By Mark Abramowitz, VP Marketing, SiteMinder

It used to be, if you wanted to reach guests as a hotel, you might put up a big sign outside or hand out brochures, put an ad in the Yellow Pages, get on the phone and hope for the best. It was simple, but terribly limiting.

Now, with the Internet inviting the entire globe into any hotel, a hotel’s reach has exploded, regardless of that hotel’s size or location.

The Internet economy knocking on a hotel’s doorstep is a massive opportunity. In fact, online travel booking revenue has grown by more than 73 percent over the past five years, alone. But it also brings with it a tremendous amount of extra work, new things to learn and do and a whole layer of expertise that just wasn’t necessary in the old days.

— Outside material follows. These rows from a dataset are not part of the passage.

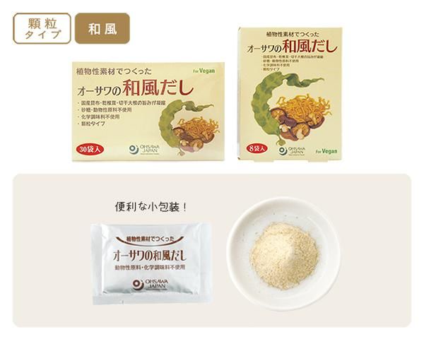 植物性素材100%でつくったオーサワの和風だしの素が新発売!昆布・乾椎茸・切干大根の旨みが凝縮され、料理の味をワンランクアップしてくれます。汁物、煮物、麺類のつゆなど、様々な料理にご使用ください♪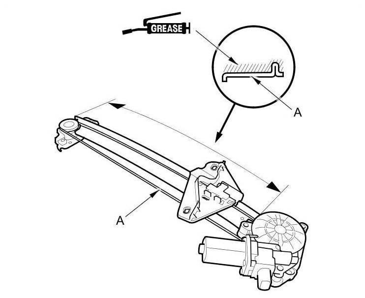 11. Apply multipurpose grease to all the sliding surfaces of the regulator (A) where shown.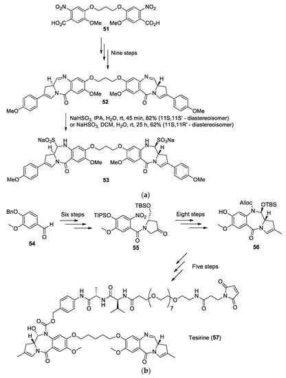The antitumor properties of pyrrolo[2,1−c][1,4]benzodiazepine (PBD) compounds have been studied since 1963, when they were first isolated from the fermentation broth of the thermophilic actinomycete Streptomyces refuineus [38]. An initial biological screening of the extract showed a specific activity against Gram-positive organisms and an antitumor activity against sarcoma 180 and adenocarcinoma 755 mouse tumor systems [38]. It was later understood that the molecular structure of PBD compounds allows them to fit in DNA minor grooves and the electrophilic carbon of the imine group reacts with the amine of guanine bases, revealing the alkylating properties of PBDs [39]. In order to enhance their cross-linking properties, synthetic PBD dimers linked by their phenolic C8-positions via flexible ether bridge were investigated, since molecular modeling and NMR studies showed that this type of linkage could allow both PBD units to perform intrastrand or interstrand DNA cross-links, a hypothesis that was later reinforced by DNA-binding studies [39]. To that end, Howard et al. synthesized interesting PBD dimers in a nine-step synthesis (Figure 12a) by starting from the known 2-nitrobenzoic acid dimeric core (51) [40]. The key steps of this synthesis are the tetralactam formation, which was achieved with Raney nickel and hydrazine followed by a Suzuki coupling reaction. The resulting dimer SG2202 (52) was then tested in vitro, where it exhibited significantly higher cytotoxicity than other known PBD dimers [40]; however, the lack of hydrosolubility of SG2202 limited the in vivo assay. In order to resolve this problem, the prodrug SG2285 (53) was also synthesized by adding a bisulfite moiety at the C11 and C11′ positions. Both of these dimers were then tested on ten human tumor cell lines via an Alamar Blue assay. Although the prodrug SG2285 was slightly less effective than SG2202, both dimers showed a cytotoxic activity in the picomolar range for all cell lines tested, the best results being observed for the T lymphoblast cell lines CCRF-CEM, with an IC50 of 0.1 pM for SG2202 and 1.4 pM for SG2285 [40]. Further studies also demonstrated the cross-linking activity of SG2202 and SG2285 [41].

More information, more choice

Today, travellers have more information than ever, making it easier for them to learn about where to go, what to see and at what price. In 2013, the amount of digital information available was growing at 50 percent year-on-year and two-thirds was consumed or created by people – people watching videos, using social media and sharing images.

And it’s more than just information-sharing. More people are travelling now than ever before, because it’s easier and less expensive. Think about budget airlines, accommodation and last-minute deals.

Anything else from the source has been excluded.